The testimony of the witness Neeley shows that the lateral, if properly handled, has a sufficient carrying capacity to water the lands irrigated therefrom. The witness Gardner testified to a place in the lateral where its carrying capacity is limited, but that it will still carry enough to irrigate 420 acres of land. On cross-examination his evidence perhaps shows that there is sufficient capacity to supply water to everybody.
In its decree the court found the ownership of the land as alleged; the necessity or irrigation; the manner in which it had been irrigated before the time set forth in plaintiff’s petition; that the village board had assumed to exercise control over the lateral, and had employed the defendant Barkdoll to divide the water among the various tracts of land. The court also found that the employment of Barkdoll was ultra vires, and that as a matter of law the board of trustees could not grant permission for the construction of a lateral in the streets; that prior to the commencement of this suit the plaintiff was notified that he must cease conducting water from the town lateral, and that he must draw water through another and different *532lateral, and permission was given plaintiff. to construct the unconstructed portion of said lateral to his land. The court also found that the village hoard wrongfully applied the funds of the village to the repair of said lateral; that said lateral was purely for private purposes for the irrigation of lots and lands lying within the corporate limits of the village; and that it was beyond the powers of the board to appropriate money for such purpose.

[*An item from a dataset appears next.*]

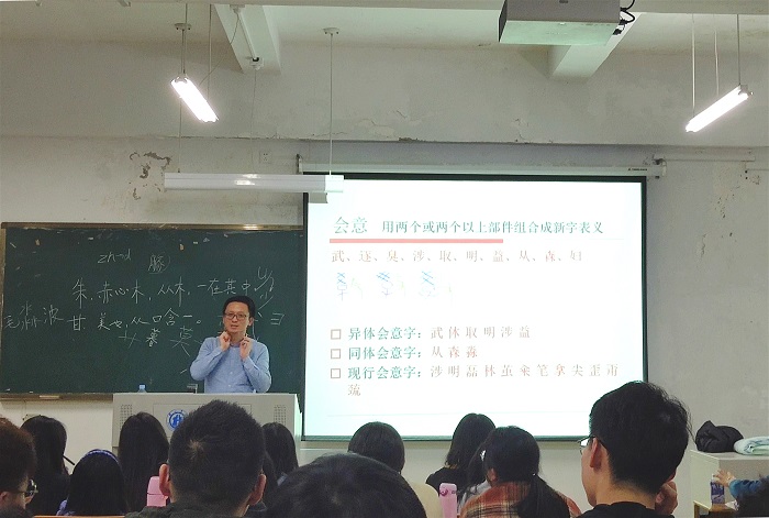示范课上,黄自然老师主要围绕着“汉字的造字方法”这一主题内容,根据许慎《说文解字》对“六书”的定义,运用典型的例子来说明汉字的造字方法。讲解过程注重启发式教学,先给员工若干“字例”,让员工根据文字的形体、结构去思考其属于哪一种造字(用字)方法,然后给出汉字形体演变的图画(动画),对其造字的理据加以分析。授课过程也注重讲练结合,除了课堂的提问、讨论环节,还运用学习通中的“任务点”功能,让员工在本小节讲解结束后进行了一次在线随堂小测试。总体来看,课堂互动丰富,气氛活跃,取得了预期的学习效果。
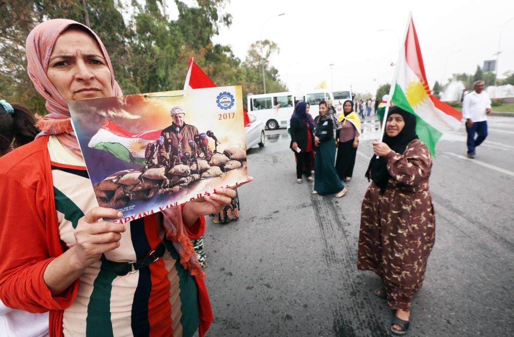 كردية تحمل ملصقا لبارزاني في أربيل أمس الأول. (أ. ف. ب)

The court thereupon dismissed plaintiff’s petition and found for the defendants. It is from this decree that the plaintiff appeals.
The plaintiff alleges the following errors of law: (1) The court erred in not holding that the village, by assuming control of the lateral in question, made it a part- of its water-works; (2) the court erred in not holding that the plaintiff had acquired an easement by acquiescence to convey water through the lateral in question; (3) the court erred in holding that the village could discriminate against the plaintiff and refuse him the right to draw water through the lateral, and at the same time permit all others to use the lateral; (4) the court erred in refusing plaintiff the injunction as prayed and in dismissing plaintiff’s action.
It is contended by the appellant: 1. That, the village having assumed control of the lateral in question, it thereby became a part of the water-works of the village. Rev. St. 1913, sec. 5119; 3 Kinney-, Irrigation and Water Rights (2d. ed.) sec. 1448. The village having assumed control of the lateral it was its duty to furnish water to the plaintiff. 40 Cyc. 791.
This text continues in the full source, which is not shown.